The script includes comprehensive error handling:

Validates input files exist
Checks FFmpeg and Whisper are installed
Provides clear error messages for missing dependencies
Handles temporary file cleanup on errors

Performance Tips

Use tiny or base models for quick drafts
Use small or medium for production transcriptions
Use large only when maximum accuracy is required
For long videos, consider extracting audio first, then transcribe in segments
WebM conversion with VP9 takes longer but produces smaller files

Examples

Example 1: Quick Video to MP4 Conversion

User request:

I have an AVI file from my old camera. Can you convert it to MP4?

You would:

Use the to-mp4 command with default settings:

uv run .claude/skills/video-processor/scripts/video_processor.py to-mp4 old_video.avi output.mp4

Confirm the conversion completed successfully
Inform the user about the output file location

Example 2: Extract Audio and Transcribe

User request:

I recorded a lecture video and need a transcript. Can you extract the audio and transcribe it?

You would:

First extract the audio:

uv run .claude/skills/video-processor/scripts/video_processor.py extract-audio lecture.mp4 lecture.wav

Then transcribe using the base model (good balance of speed/accuracy):

uv run .claude/skills/video-processor/scripts/video_processor.py transcribe lecture.mp4 transcript.txt --model base

Share the transcript.txt file with the user

Example 3: Create Web-Optimized Video with Subtitles

User request:

I need to put this video on my website with subtitles. Can you help?

You would:

Convert to WebM for web optimization:

uv run .claude/skills/video-processor/scripts/video_processor.py to-webm presentation.mp4 presentation.webm

Generate SRT subtitle file:

uv run .claude/skills/video-processor/scripts/video_processor.py transcribe presentation.mp4 subtitles.srt --format srt --model small

Inform user they now have:
- presentation.webm (web-optimized video)
- subtitles.srt (subtitle file for embedding)

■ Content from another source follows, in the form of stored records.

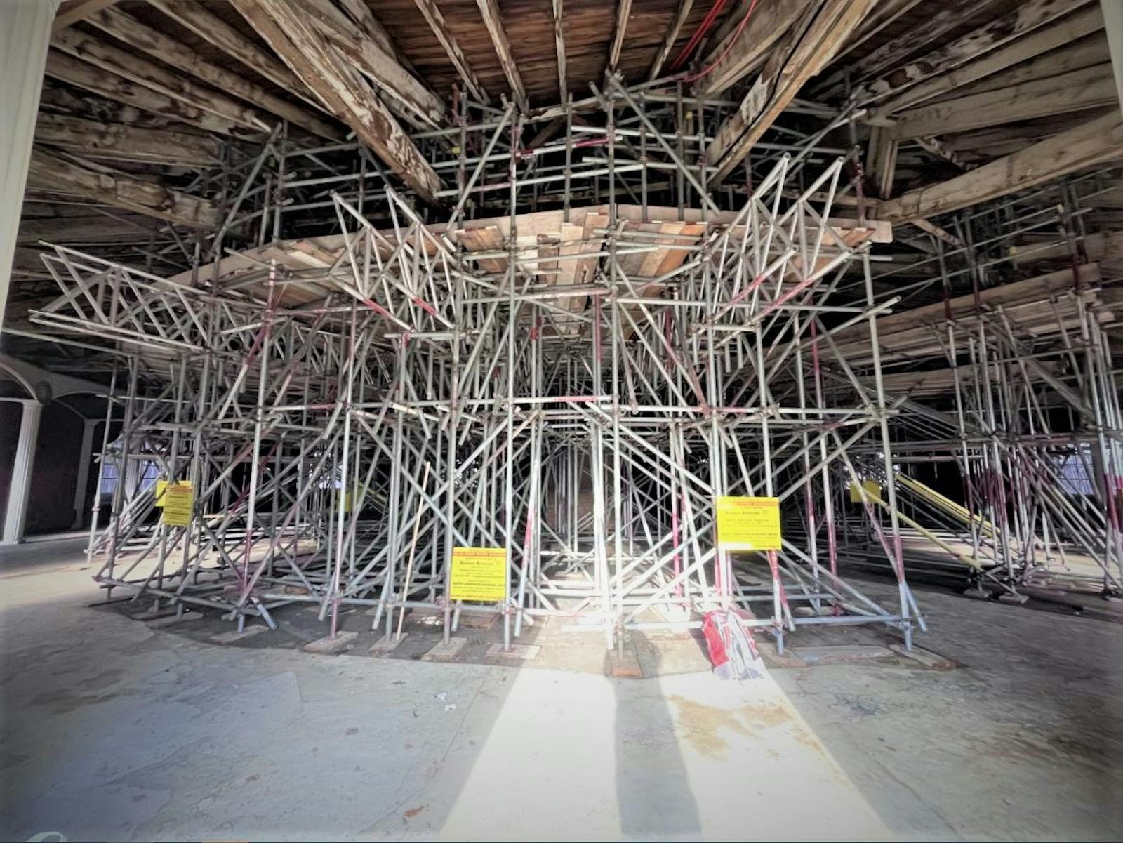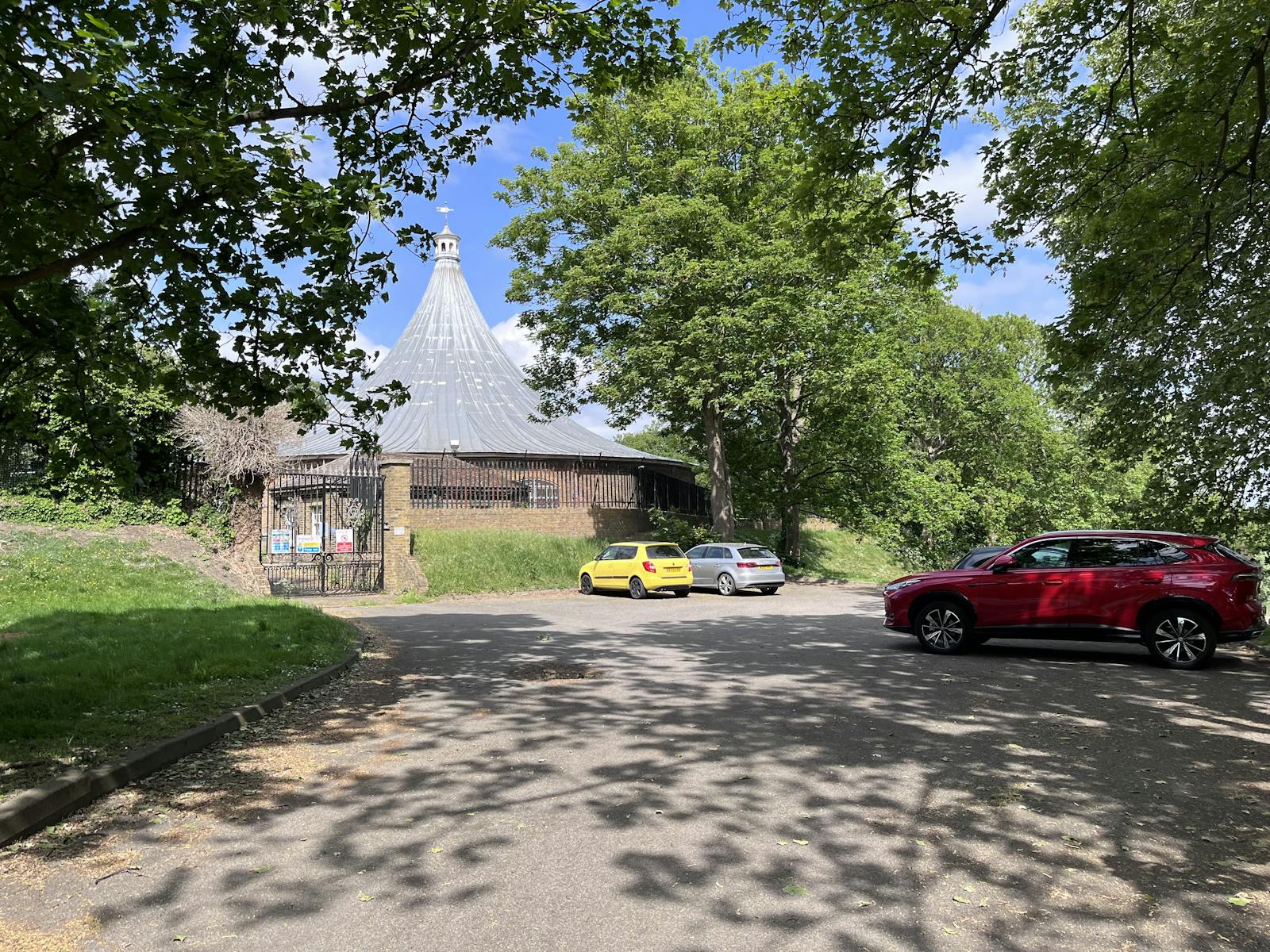 The building is of traditional construction with brick elevations and timber framed roof weathered in lead and arranged over one floor. The main section comprises a 24-sided polygon shaped room beneath the ‘tent’ style roof. There is a rear extension at the north face of the building with a plant room attached. There is a small gatehouse-style outbuilding located at the entrance to the Rotunda compound.
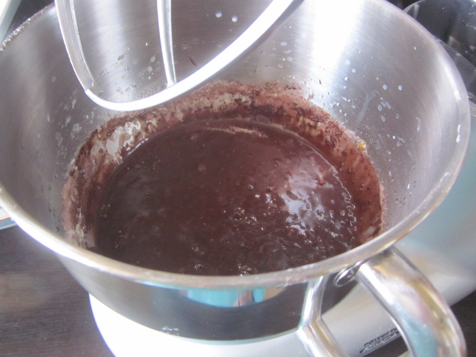 Făina, cernută împreună cu praful de copt, stins cu zeamă de lămâie, și cacaoa, se adaugă la amestecul de ouă. Se continuă mixarea la nivel minim, până ce se înglobează toate ingredinetele și se obține un amestec omogen.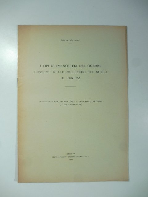 I tipi di imenotteri del Guerin esistenti nelle collezioni del Museo di Genova

Example 4: High-Quality Transcription with Language Specification

User request:

I have a Spanish interview video that needs an accurate transcript for publication.

You would:

Use a larger model with language specified for best accuracy:

uv run .claude/skills/video-processor/scripts/video_processor.py transcribe interview.mp4 transcript.txt --model medium --language es

Optionally create SRT for review:

uv run .claude/skills/video-processor/scripts/video_processor.py transcribe interview.mp4 transcript.srt --format srt --model medium --language es

Review the transcript with the user and make any necessary corrections

Example 5: Batch Processing Multiple Videos

User request:

I have a folder of training videos that all need to be converted to WebM and transcribed.

You would:

List all video files in the directory:
```
ls training_videos/*.mp4
```

For each video file, run the conversion and transcription:

# For each video: video1.mp4, video2.mp4, etc.
uv run .claude/skills/video-processor/scripts/video_processor.py to-webm training_videos/video1.mp4 output/video1.webm
uv run .claude/skills/video-processor/scripts/video_processor.py transcribe training_videos/video1.mp4 output/video1.txt --model base

# Repeat for each file

Confirm all conversions and transcriptions completed
Provide summary of output files

Summary

The video-processor skill provides a unified interface for common video processing tasks:

Audio extraction: Extract audio tracks in various formats
Format conversion: Convert to MP4 (universal) or WebM (web-optimized)
Transcription: Speech-to-text with multiple output formats
Flexible: CLI arguments for model selection, language, and output formats

All operations are handled through a single, well-documented script with sensible defaults and comprehensive error handling.